Provided records START

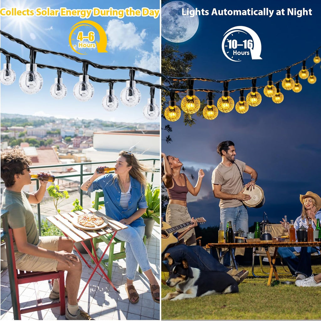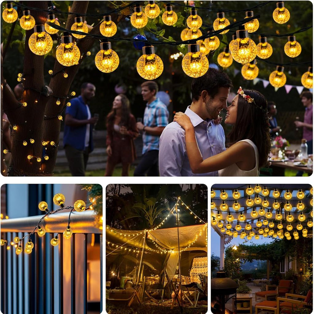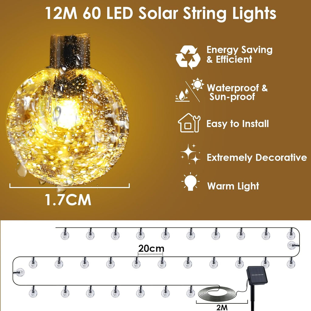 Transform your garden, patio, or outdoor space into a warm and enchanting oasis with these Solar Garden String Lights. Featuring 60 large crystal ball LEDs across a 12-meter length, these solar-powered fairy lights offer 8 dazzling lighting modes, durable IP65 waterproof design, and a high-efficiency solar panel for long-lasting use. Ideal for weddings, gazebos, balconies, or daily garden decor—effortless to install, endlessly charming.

Provided records END
Provided records START

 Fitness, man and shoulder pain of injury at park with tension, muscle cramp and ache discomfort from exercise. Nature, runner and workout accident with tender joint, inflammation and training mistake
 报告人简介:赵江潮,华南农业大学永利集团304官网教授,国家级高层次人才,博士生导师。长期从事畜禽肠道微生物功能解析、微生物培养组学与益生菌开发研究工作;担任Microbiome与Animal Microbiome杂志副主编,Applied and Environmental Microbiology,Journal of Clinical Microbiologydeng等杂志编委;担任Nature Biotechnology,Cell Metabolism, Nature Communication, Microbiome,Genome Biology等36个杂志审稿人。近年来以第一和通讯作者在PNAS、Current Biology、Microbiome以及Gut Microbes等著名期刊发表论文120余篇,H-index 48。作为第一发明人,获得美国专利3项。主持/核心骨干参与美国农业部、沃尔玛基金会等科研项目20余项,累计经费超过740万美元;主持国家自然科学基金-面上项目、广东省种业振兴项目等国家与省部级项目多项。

Provided records END

### Brief
If a line contains the word "Nature", count it; give the total for the entries above and nothing else.

### Result
2